Wow, wait a pain in my butt. :)

I just finished wiring up the harness for my HID installation. My assumption about the headlight coming on with the ignition was correct, as I had plugged the headlight wire into the ignition wire for my heated grips relay. The wires are now labeled.

I thought I'd be fancy and make a ground point on the metal frame that the instrument panel and fairing bolts too. Silly me ASSumed that since that bracket is was bolted solidly to the frame, it would be a good ground, so I drilled a hole and installed a screw/nut to connect my ring terminals to. Well, turns out that it wasn't a good ground, and when I tried to test my lights, they wouldn't come on. I ended up running a ground wire from another point on the frame that was grounded, to my new ground point.

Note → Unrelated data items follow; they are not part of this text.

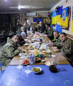– Jag och min kollega Mattias satt och åt borsjtj med henne och militärerna. De bjuder alltid på soppa, en sorts pyttipanna lagad av vad de har. Inte alltid rödbetor. Hela tiden hörde vi explosionerna i Bachmut, men ukrainarna reagerade inte.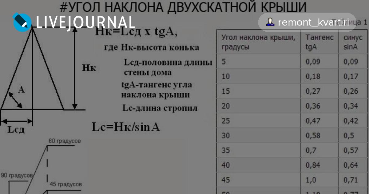 Можно запомнить такое соотношение. 100 % — это угол 45 градусов, когда катеты прямоугольного треугольника равны между собой, то есть в нашем случае высота ската равна длине его горизонтальной проекции.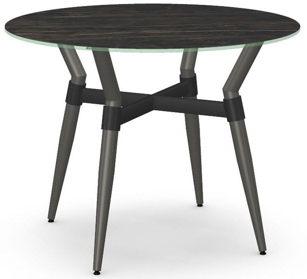 Italian porcelain on glass tabletop with a black marble finish and 39" diameter.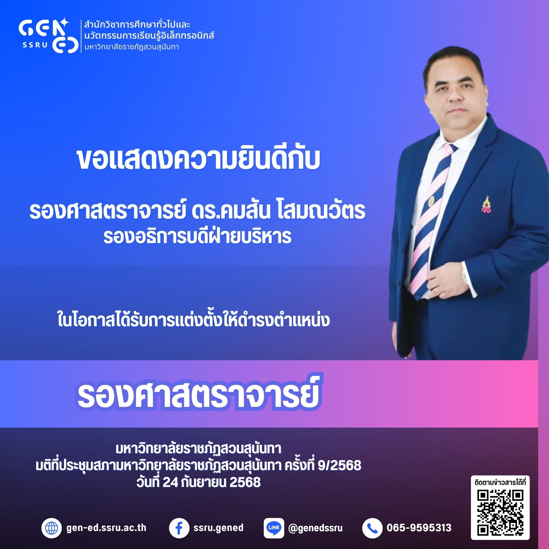 ตามมติเห็นชอบจาก การประชุมสภามหาวิทยาลัยราชภัฏสวนสุนันทา ครั้งที่ 9/2568 วันที่ 24 กันยายน 2568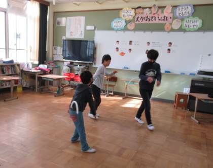 教室の中で,しっぽ取りをしています。友だちのしっぽを取るために,頑張って追いかけています。またみんなで取り組みたいですね。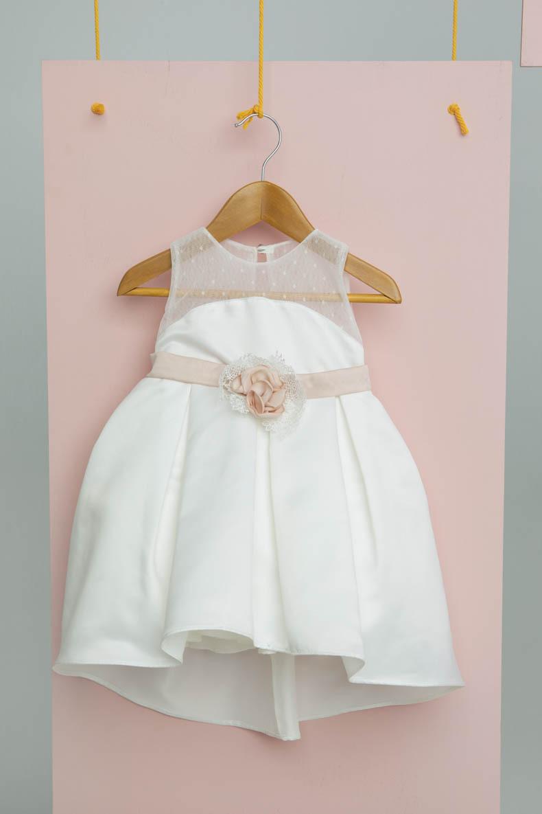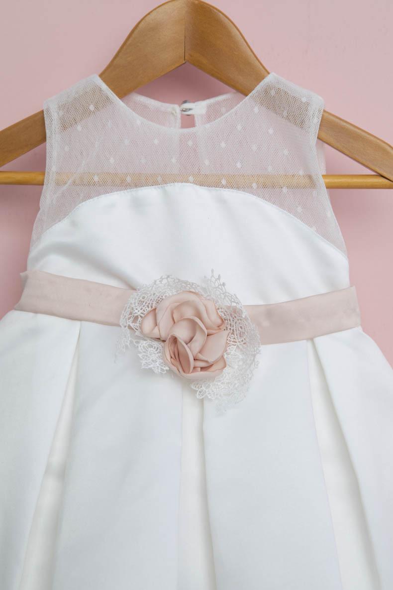 Εκρού σατέν φόρεμα με old pink λεπτομέρειες στην ζώνη και στο αξεσουάρ. Πουά τούλι στο τελείωμα του μπούστου. Αξεσουάρ: Old pink σατέν κορδέλα με φιόγκο. Σύνθεση υφασμάτων: Κρεπ σατέν Γαλλίας σε απόχρωση εκρού και old pink, 100% Cotton, Πουά τούλι Γαλλίας. Ελληνικής ραφής.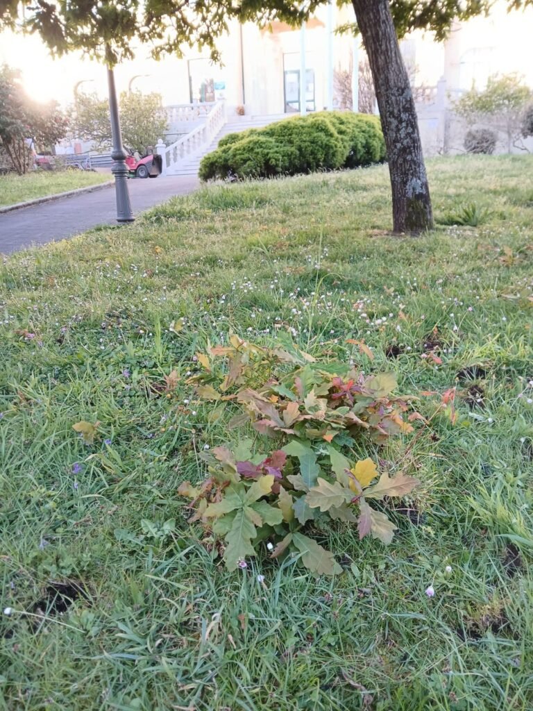 A natureza agasállanos ás veces con pequenos milagres de vida no medio da nosa contorna urbana. Este ano, o emblemático e fértil carballo dos xardíns da Casa do Concello amosou a súa faceta máis xenerosa ao sementar de xeito natural máis dun cento de pequenos arboliños que naceron baixo o acubillo da súa copa protectora.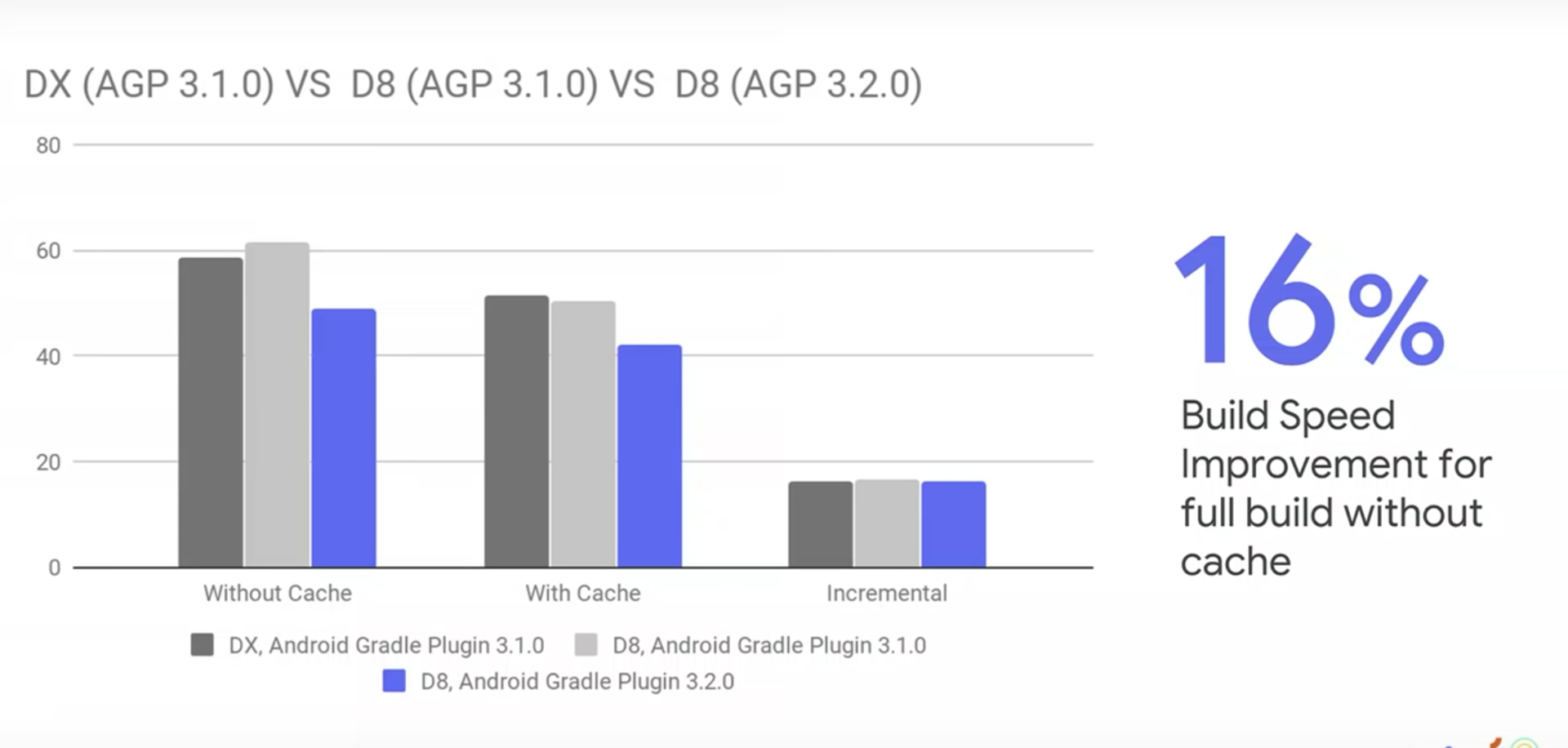 除了AAPT2,Google还引入了d8和R8,下面分别是Google提供的一些测试数据。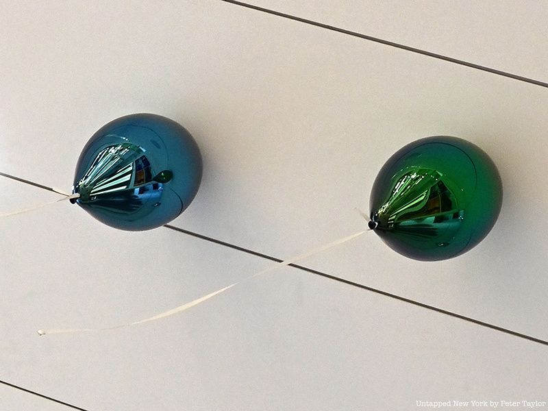 Danish artist Jeppe Hein created an installation called All Your Wishes that includes 70 mirror balloons made of stainless steel. The balloons, which are many different colors, appear to be released into the air and float to the ceiling. The balloons are located near shops, restaurants, and passageways. Also included in the installation is a set of three powder-coated aluminum benches painted red that “curve, loop, and twist to form an irresistible invitation to spontaneous expression and social connection,” according to LaGuardia’s website. Hein called these “Modified Social Benches.”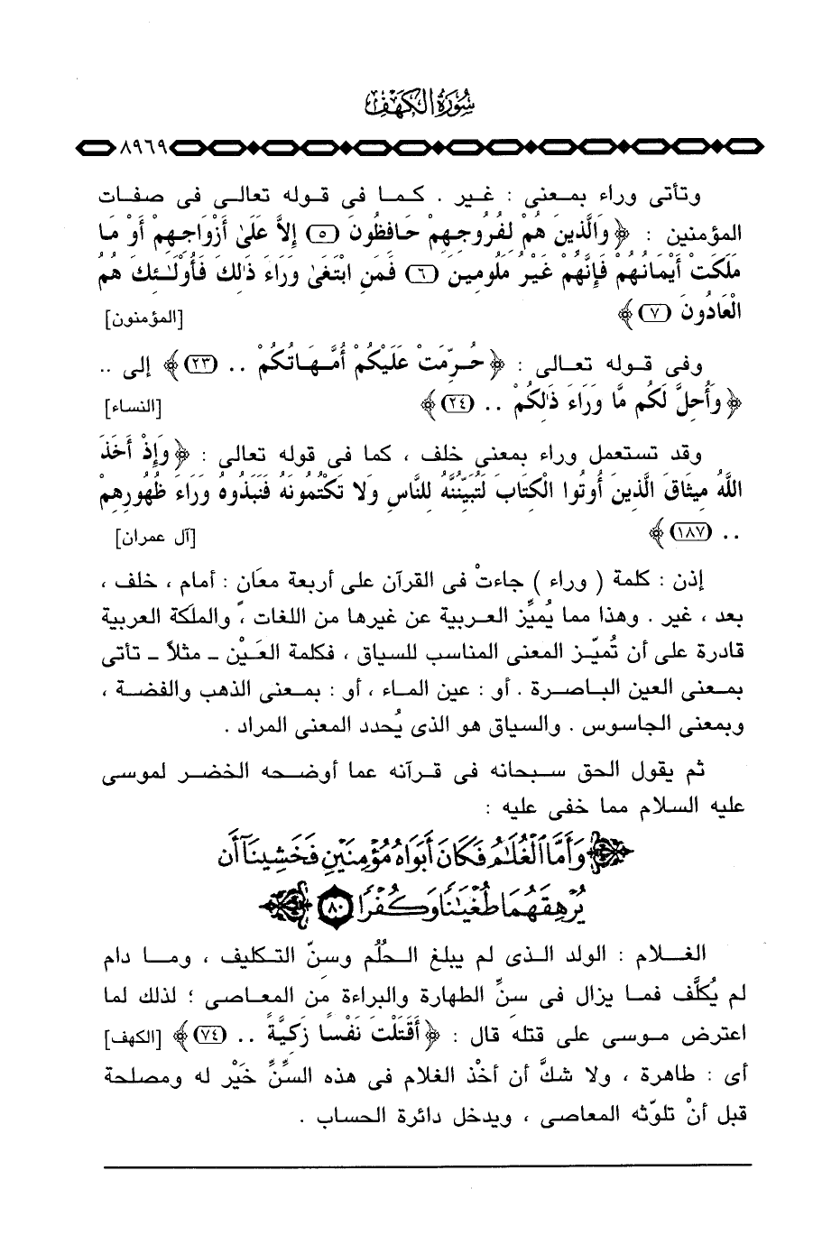 إذن: كلمة {وَرَاءَ} جاءتْ في القرآن على أربعة معَانٍ: أمام، خلف، بعد، غير. وهذا مما يُميِّز العربية عن غيرها من اللغات، والملَكة العربية قادرة على أن تُميّز المعنى المناسب للسياق، فكلمة العَيْن مثلاً تأتي بمعنى العين الباصرة. أو: عين الماء، أو: بمعنى الذهب والفضة، وبمعنى الجاسوس. والسياق هو الذي يُحدد المعنى المراد.

I shortened the harness that comes with the HID projectors. It was made for a car with a few extra feet of cable to run to the other side of the car, so I ended up cutting out about four feet of cable, neatly soldering splices in.

As usual, I soldered all of my connections, adding time, but ensuring a good, long-lasting connection. I've been using a pack of these 20 gauge, pre-wired connectors DealExtreme: $2.78 JST Cables (10-Pair) on my bike for low current connections. I used one pair when I added my aux LED brake light strip and I just used a pair for my angel eye power supplies. Super cheap, free shipping from china, just gotta be patient and wait the two weeks for them to arrive....

Now that I verified that the lights work, I need to pop the lenses back off (I just have them lightly on) and clean up the projector lenses, since I left a big greasy hand print on one of them. I am disappointed that the scratch on the one lens is quite visible when looking at the projector with the light on. Maybe I'll email the seller, but I really don't want to have to open up the lens assembly once I stick it back on for good.

I am really happy with my choice of 4500k color temperature. They are white as can be, but not too bluish.

Back to the garage to clean the projector lenses, install the fairings and mount the ballasts.